◆ **WORK INSTRUCTION**
Transcribe all the data below exactly, leaving its pictures out.

◆ **RECORDED INFORMATION**

= = = = =

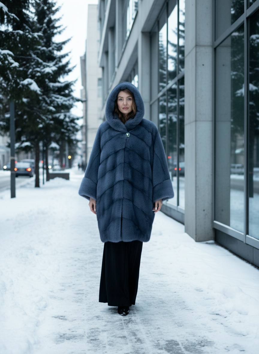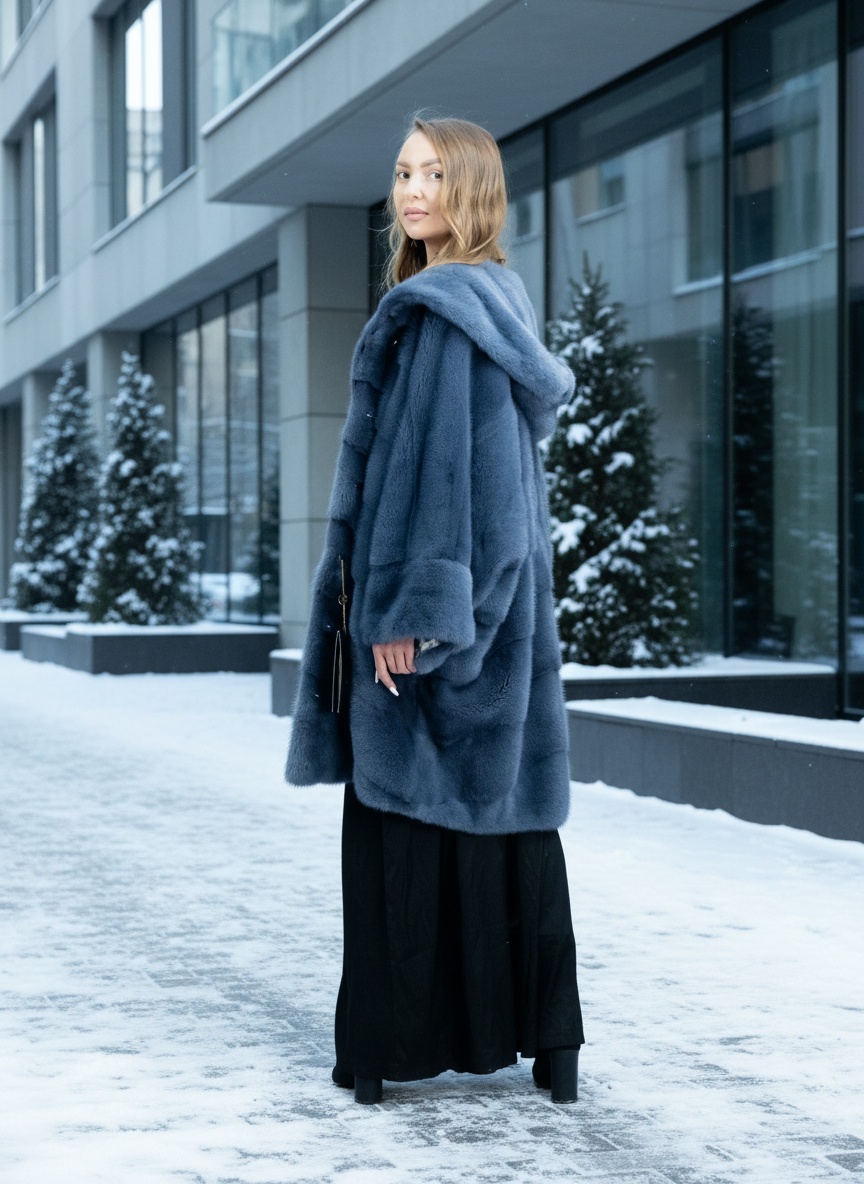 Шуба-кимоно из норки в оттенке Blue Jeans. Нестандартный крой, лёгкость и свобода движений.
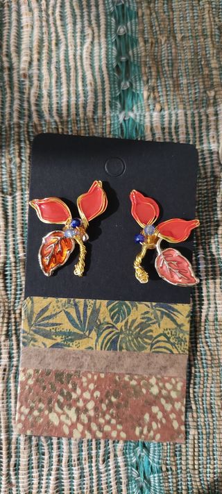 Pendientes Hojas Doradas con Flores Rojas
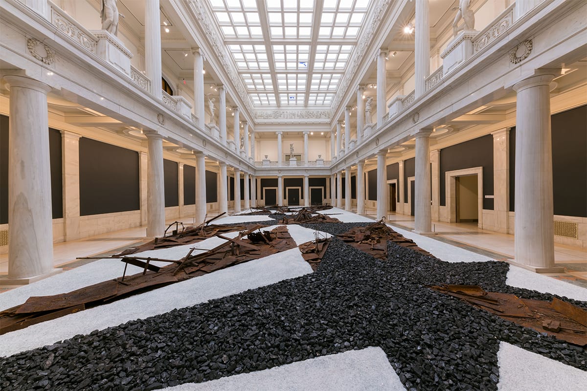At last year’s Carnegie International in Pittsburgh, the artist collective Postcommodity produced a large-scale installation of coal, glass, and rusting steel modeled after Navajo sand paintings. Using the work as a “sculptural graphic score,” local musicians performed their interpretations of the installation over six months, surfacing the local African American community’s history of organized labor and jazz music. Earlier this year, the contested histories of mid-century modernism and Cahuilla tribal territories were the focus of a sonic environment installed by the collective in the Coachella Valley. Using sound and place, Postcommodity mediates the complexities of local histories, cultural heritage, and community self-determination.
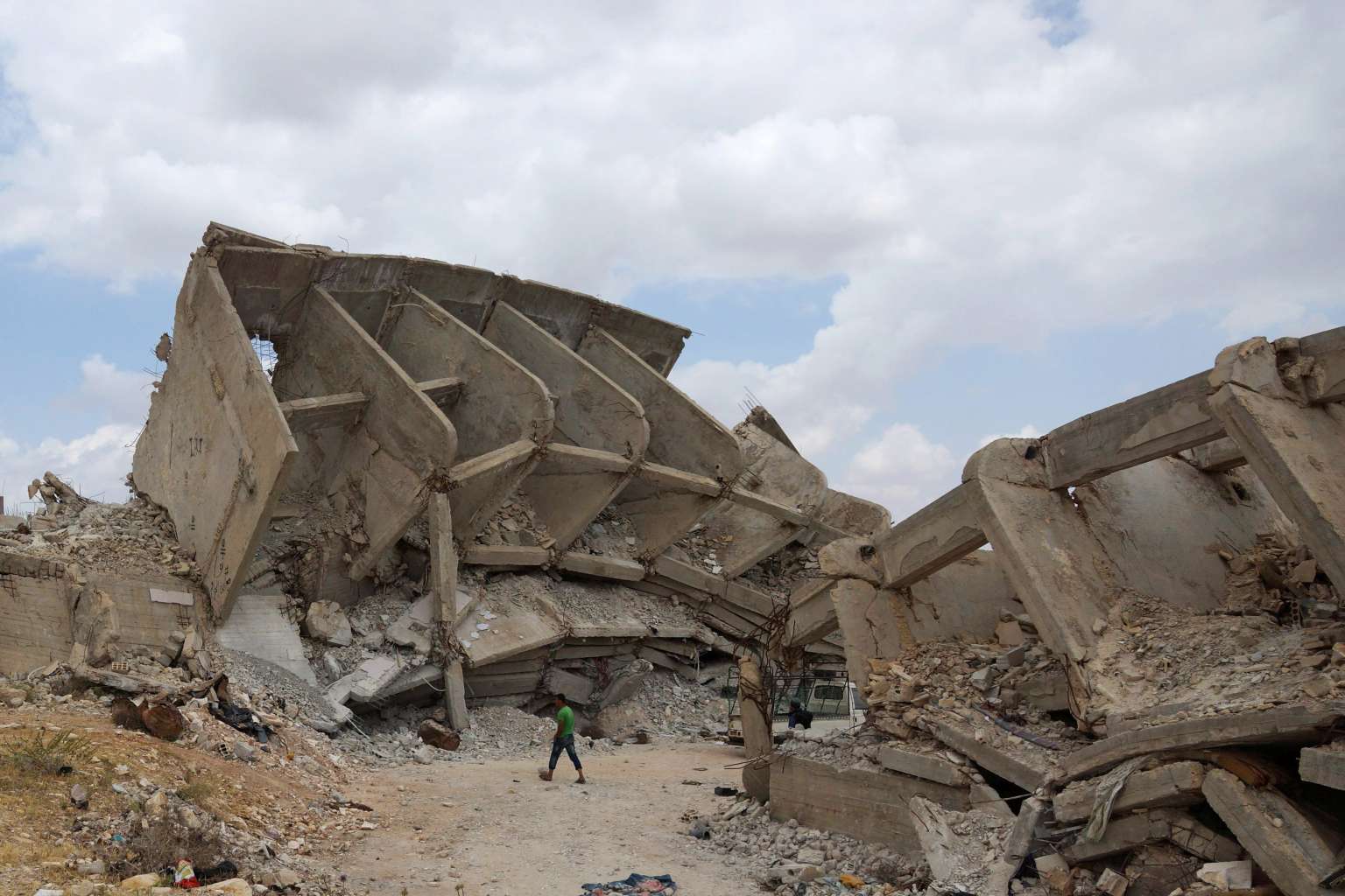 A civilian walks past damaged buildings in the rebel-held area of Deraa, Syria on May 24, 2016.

= = = = =

◆ **SOLVED EXERCISE**
 Шуба-кимоно из норки в оттенке Blue Jeans. Нестандартный крой, лёгкость и свобода движений.
 Pendientes Hojas Doradas con Flores Rojas
At last year’s Carnegie International in Pittsburgh, the artist collective Postcommodity produced a large-scale installation of coal, glass, and rusting steel modeled after Navajo sand paintings. Using the work as a “sculptural graphic score,” local musicians performed their interpretations of the installation over six months, surfacing the local African American community’s history of organized labor and jazz music. Earlier this year, the contested histories of mid-century modernism and Cahuilla tribal territories were the focus of a sonic environment installed by the collective in the Coachella Valley. Using sound and place, Postcommodity mediates the complexities of local histories, cultural heritage, and community self-determination.
 A civilian walks past damaged buildings in the rebel-held area of Deraa, Syria on May 24, 2016.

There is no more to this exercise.